PROBLEM REQUIREMENTS
Write out the data exactly, please, and omit the pictures.
╔══
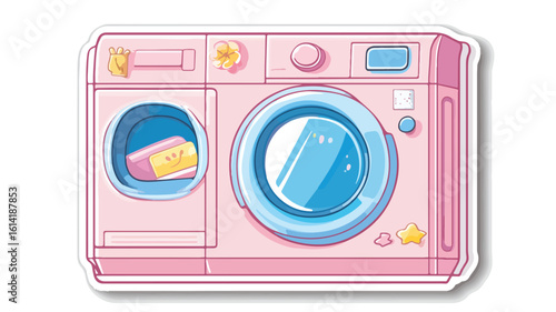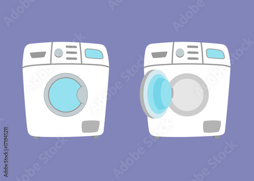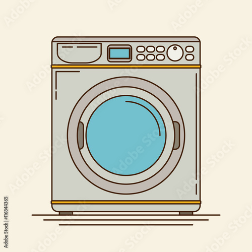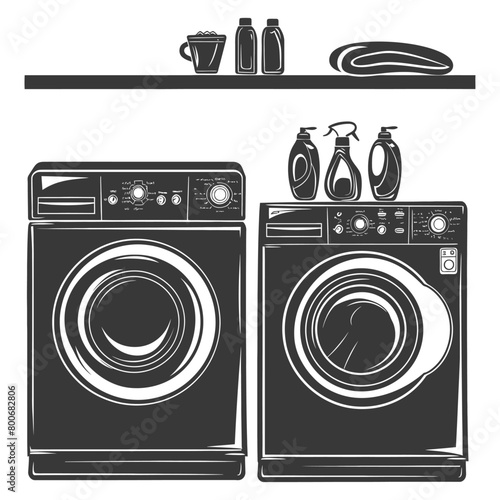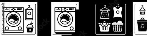 Prádelna vybavení bytu vektorové plakát. Pračka, koš na prádlo a prací prostředek, žehlicí prkno ilustrace. Služba prádelny
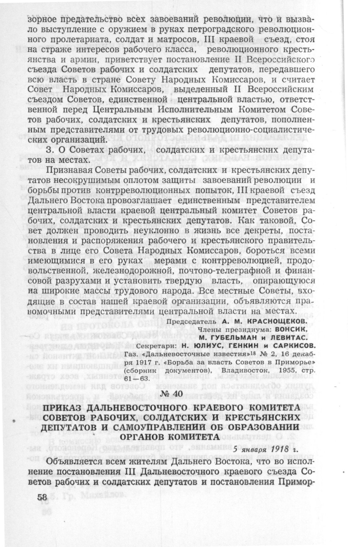 Приказ Дальневосточного краевого комитета Советов рабочих, солдатских и крестьянских депутатов и самоуправлений об образовании органов комитета. 5 января 1918 г.
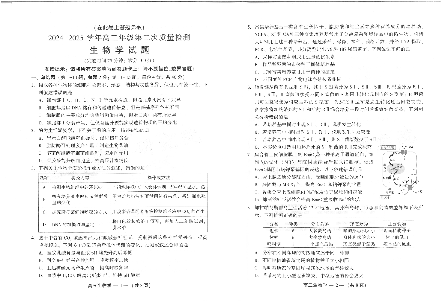 福建省福州市2024-2025学年下学期2月高三第二次质量检测生物
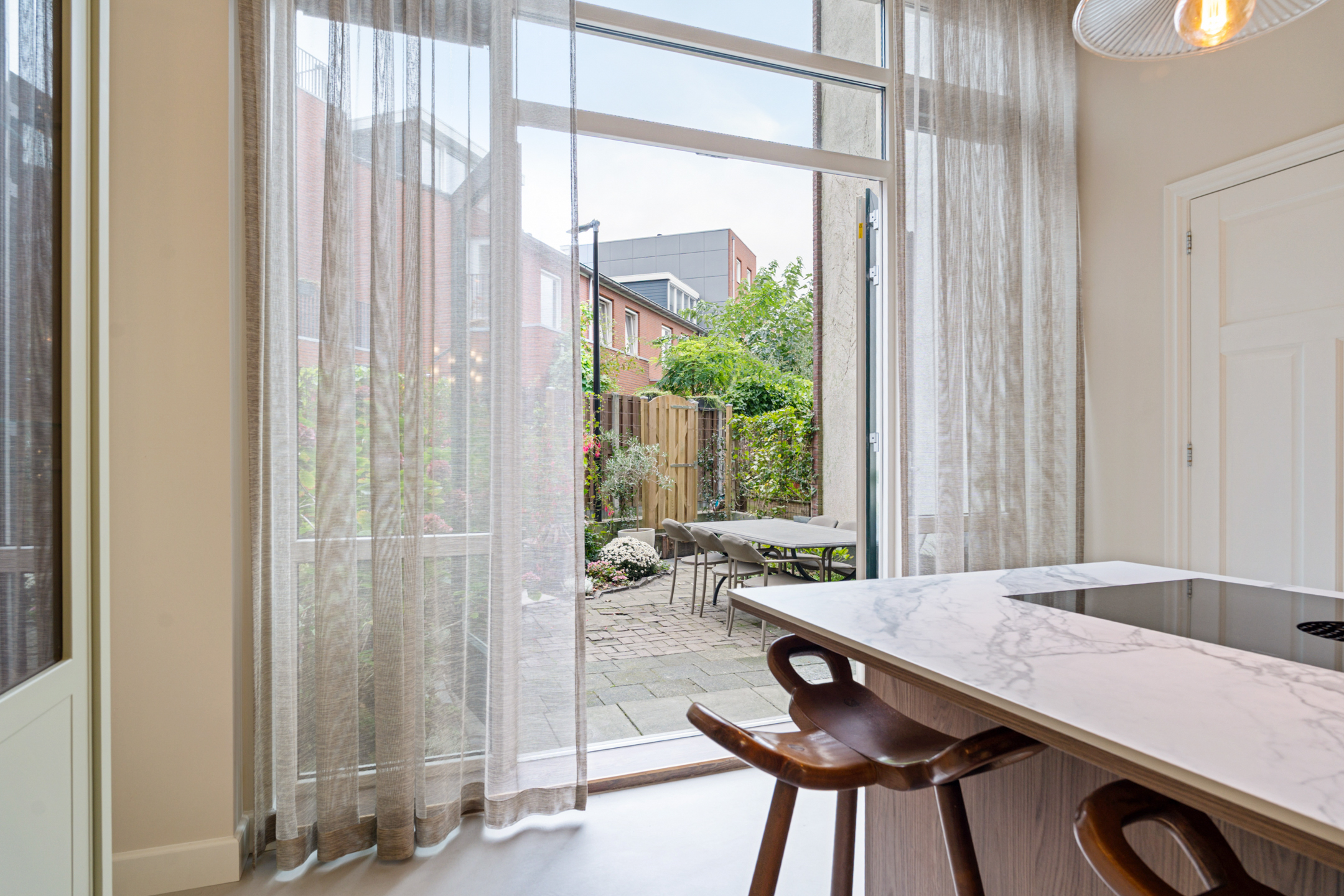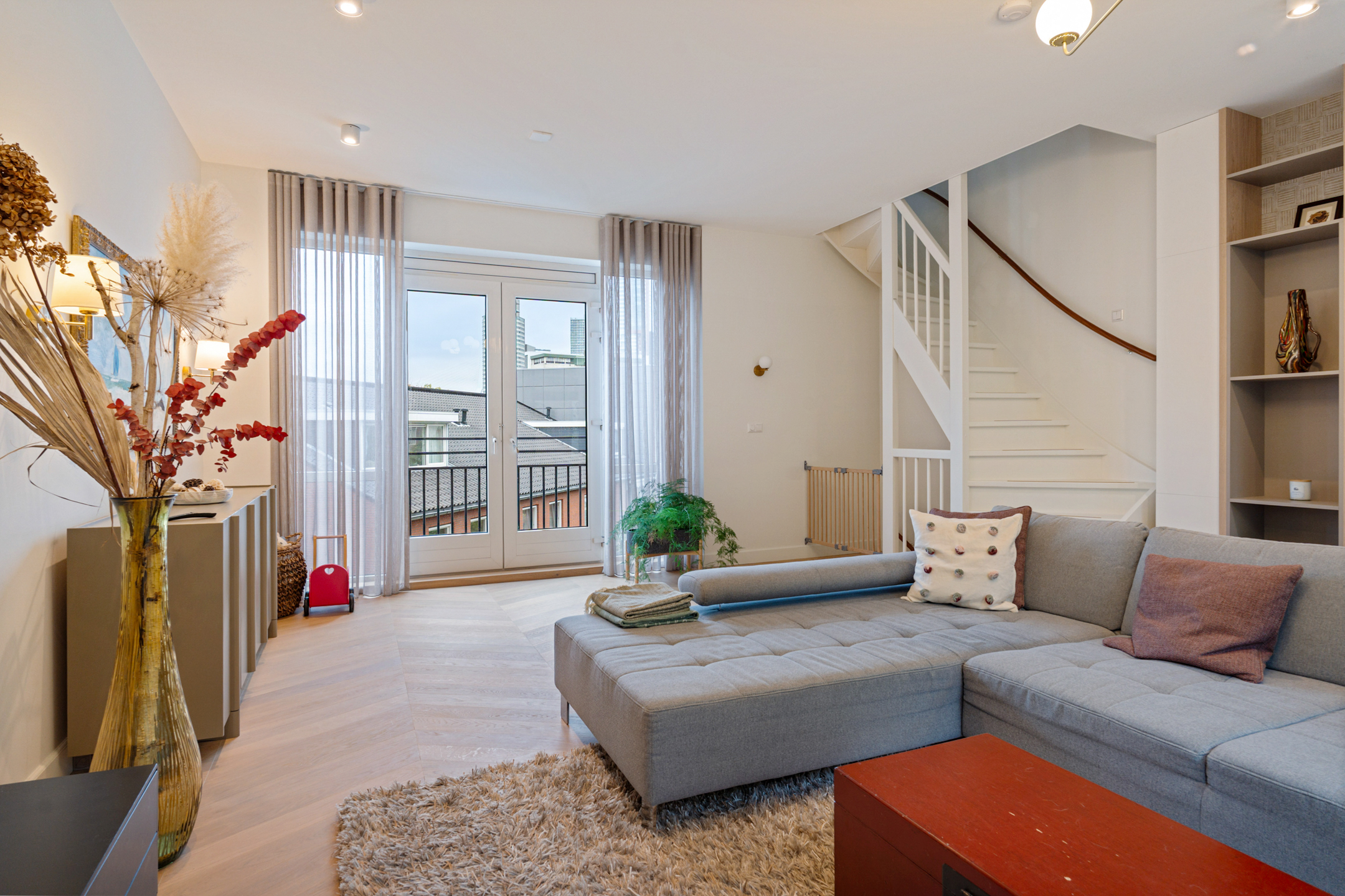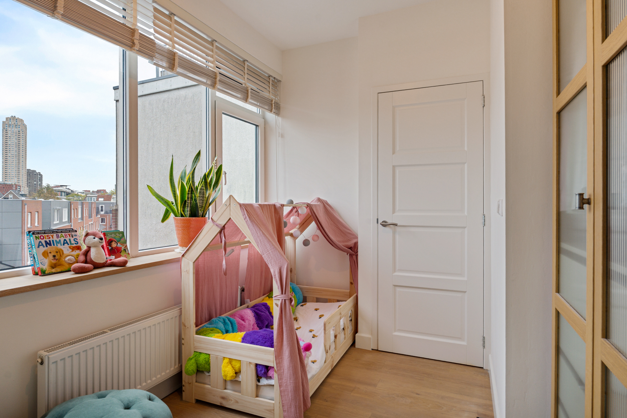 De keuze om de woonkamer op de tweede verdieping te plaatsen pakt geweldig uit. Zo kijk je vanuit de woonkamer al uit op de eerste Wolkenkrabber van de Wilhelminapier.
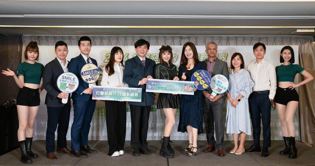 諾貝爾醫療體系創辦人張朝凱醫師(左五)、陳美齡醫師(左七)攜手應援女神峮峮(中)連袂出席記者會,共同宣示維護好視力的重要性。諾貝爾眼科/提供
╚══
RESPONSE BELOW
 Prádelna vybavení bytu vektorové plakát. Pračka, koš na prádlo a prací prostředek, žehlicí prkno ilustrace. Služba prádelny
 Приказ Дальневосточного краевого комитета Советов рабочих, солдатских и крестьянских депутатов и самоуправлений об образовании органов комитета. 5 января 1918 г.
 福建省福州市2024-2025学年下学期2月高三第二次质量检测生物
 De keuze om de woonkamer op de tweede verdieping te plaatsen pakt geweldig uit. Zo kijk je vanuit de woonkamer al uit op de eerste Wolkenkrabber van de Wilhelminapier.
 諾貝爾醫療體系創辦人張朝凱醫師(左五)、陳美齡醫師(左七)攜手應援女神峮峮(中)連袂出席記者會,共同宣示維護好視力的重要性。諾貝爾眼科/提供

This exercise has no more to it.